# Activation Functions :Linear ,Sigmoid, Tannh, Hard Tanh, Softmax, Rectified Linear

Here are some key points about common activation functions used in neural networks:

1. Linear Activation Function:
• The linear activation function computes a weighted sum of the inputs and biases without applying any nonlinearity.
• The output of the function is simply the sum of the inputs and biases multiplied by the weights.

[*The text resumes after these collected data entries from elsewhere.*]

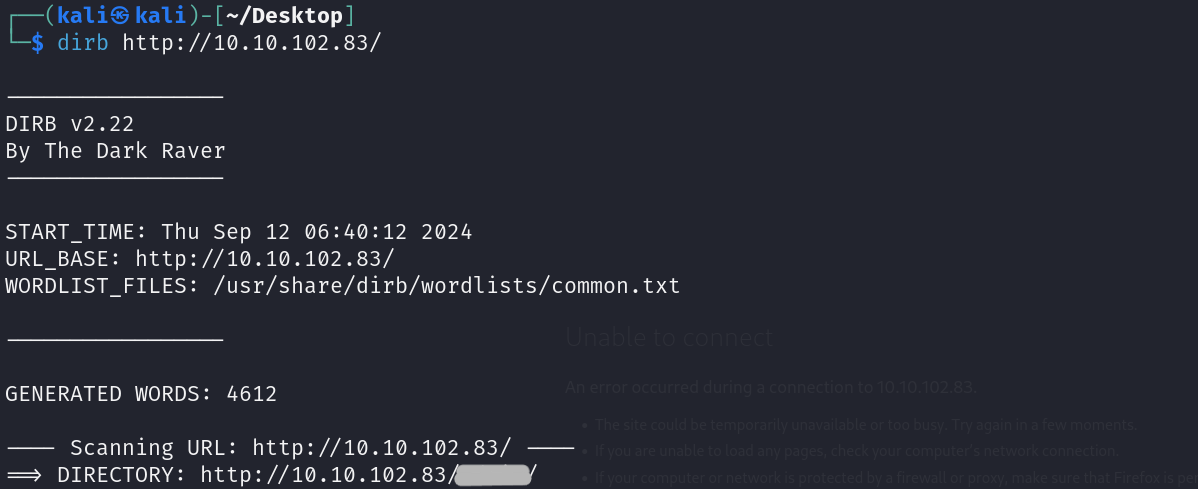 Then we should find the hidden directory. You can use the your favorite directory scan tool. I am using Dirb because it is very easy to use.
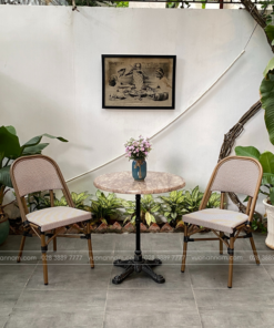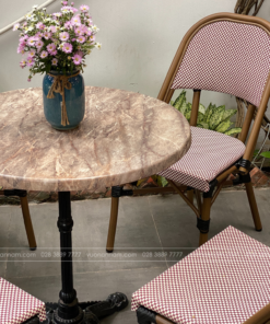 Bàn có chân nhôm đúc sơn tĩnh điện, giúp tạo nên độ bền và tính ổn định. Mặt bàn được phủ Resin, tạo ra bề mặt mịn màng, chống trầy xước và chống thấm nước, giúp bàn dễ dàng vệ sinh và duy trì vẻ đẹp trong thời gian dài.
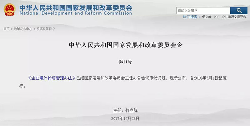 走出去的企業(yè)要注意了,從2018年3月1日起,對外投資新規(guī)———《企業(yè)境外投資管理辦法》(下稱“新辦法”)將正式施行,該辦法是國家發(fā)改委2017年臨近年末時發(fā)布的。
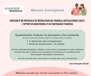 Je m’appelle Loïse Fargeot, étudiante en 5ème année d’orthophonie à Lyon. Je me permets de solliciter votre aide pour la diffusion de mon projet de mémoire.
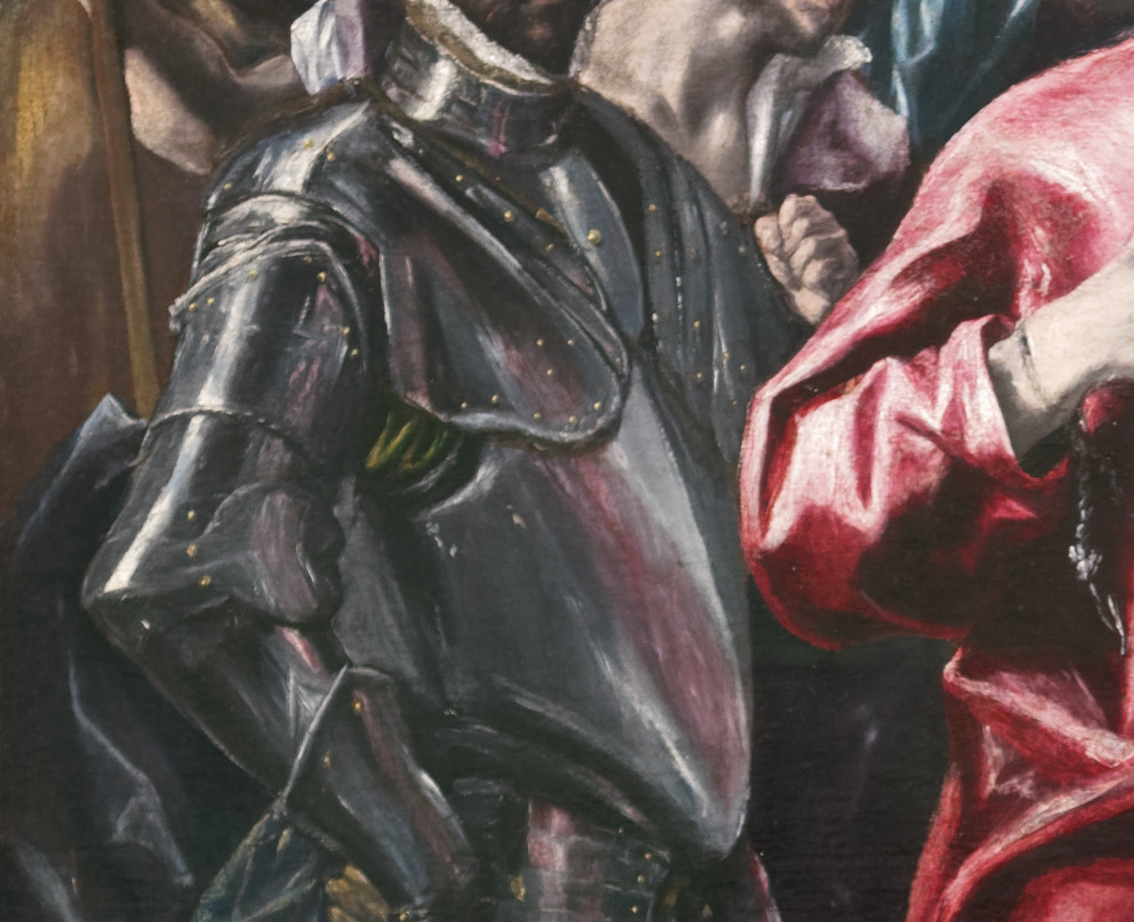 Greco transpose une scène censée se passer au IVe siècle, à son époque. Le jeune cavalier est vêtu d’une armure du XVIe siècle. Il faut remarquer la merveilleuse vue de Tolède en arrière-plan. J’aime chez Greco cette impression d’imprécision, voire d’esquisse, lorsque l’on voit l’œuvre dans son ensemble qui contraste avec la précision de certains détails.
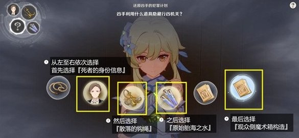 首先选择『死者的身份信息』(左起第二个),然后选择『散落的钩绳』(左起第三个),之后选择『原始胎海之水』(左起第四个),最后选择『观众侧魔术箱构造』(最右侧选项)。如下图。
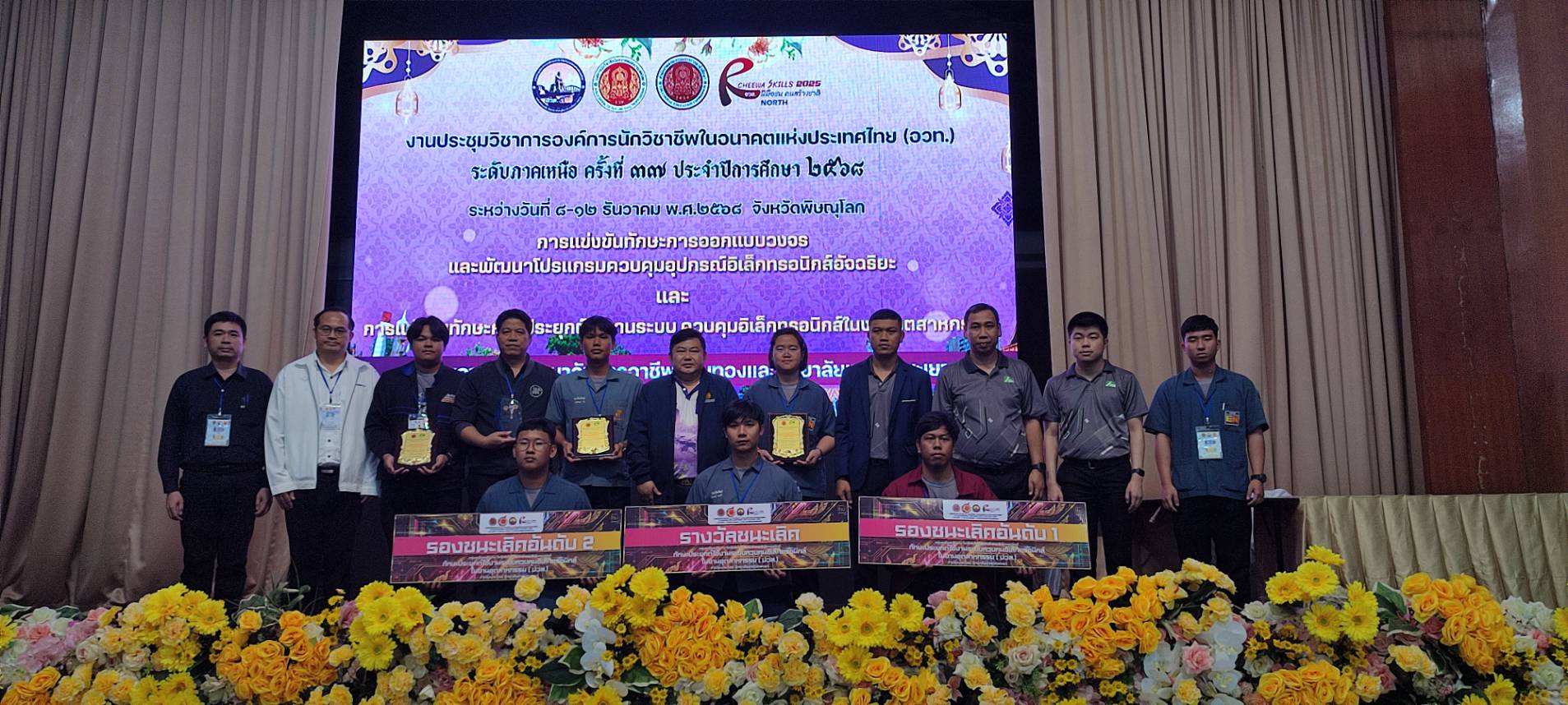 ดร.วัชรพงศ์ ฝั้นติ๊บ ผู้อำนวยการวิทยาลัยเทคนิคเชียงใหม่ ปฏิบัติหน้าที่ผู้อำนวยการสำนักงานอาชีวศึกษาจังหวัดเชียงใหม่ และรักษาการในตำแหน่งที่ปรึกษาด้านนโยบายและแผน สำนักงานคณะกรรมการการอาชีวศึกษา มอบหมายให้ แผนกวิชาอิเล็กทรอนิกส์ นำนักเรียน นักศึกษา สาขาวิชาอิเล็กทรอนิกส์ เข้าร่วมการแข่งขันทักษะวิชาชีพและทักษะพื้นฐาน ระดับภาคเหนือ ครั้งที่ 37 ประจำปีการศึกษา 2568 ณ วิทยาลัยเทคนิคพิษณุโลก ระหว่างวันที่ 9–12 ธันวาคม 2568 โดยมีผลการแข่งขันดังนี้

• The linear activation function is mainly used in regression problems where the output needs to be continuous and unbounded.

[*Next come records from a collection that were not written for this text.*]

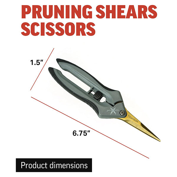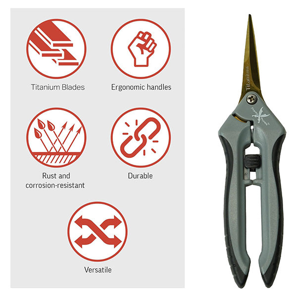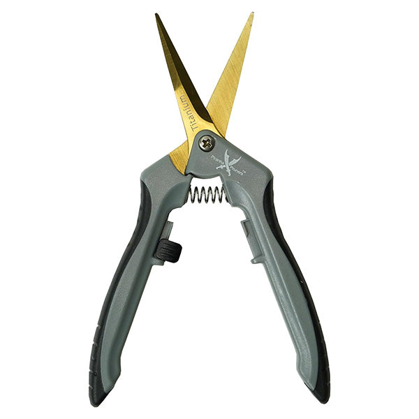 Piranha Trimming Scissors cut through branches and stems for convenient plant care, and maintenance. Use the metal shears for cutting flowers, herbs, trimming shrubs, bonsai trees, bay laurel trees, and other small trees or plants. Featuring straight heavy-duty titanium blades and ergonomic handles for a comfortable hold.
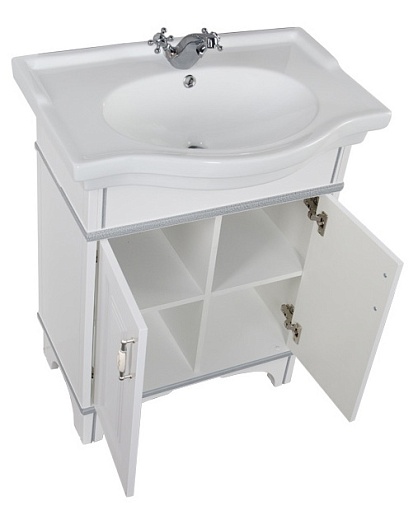 Тумба под раковину Валенса 70 белый кракалет/серебро
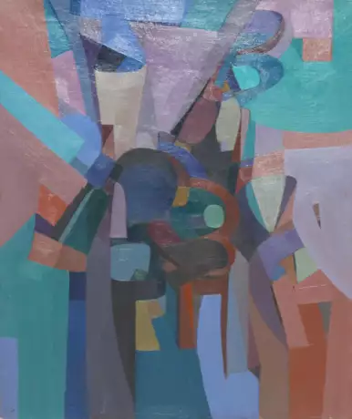 (1936 Lecce). Abstrakte Kompositon. Öl auf Lwd. 1976. 55 x 46 cm. Verso ob. sign. u. dat. Auf Holzrahmen gespannt. - Vereinz. kl. Farbabplatzungen (meist am äußeren Rand).
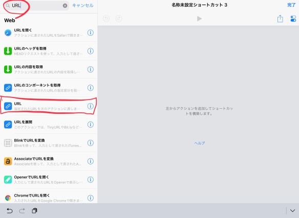 検索窓に「 URL」と打ち込み、「URL(指定されたURLを次のアクションに渡します)」を選択。
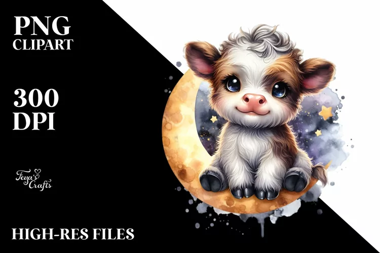 Smiling Baby Highland Cow | Moon Splash example image 1

• However, it is not commonly used in neural networks because it cannot introduce nonlinearity into the network, which is often necessary to learn complex patterns and relationships in the data.
1. Sigmoid Activation Function:
• The sigmoid activation function applies a sigmoid function to the weighted sum of the inputs to produce an output between 0 and 1.
• The sigmoid function is a nonlinear function that has an S-shaped curve, which makes it useful in binary classification problems where the output is a probability value.
• However, the sigmoid function has some drawbacks, such as the vanishing gradient problem, which can make it difficult to train deep neural networks.
1. Tanh Activation Function:
• The tanh activation function applies the hyperbolic tangent function to the weighted sum of the inputs to produce an output between -1 and 1.
• The tanh function is similar to the sigmoid function, but it is symmetric around 0 and has a steeper gradient, which makes it more useful in classification problems where the output needs to be bounded.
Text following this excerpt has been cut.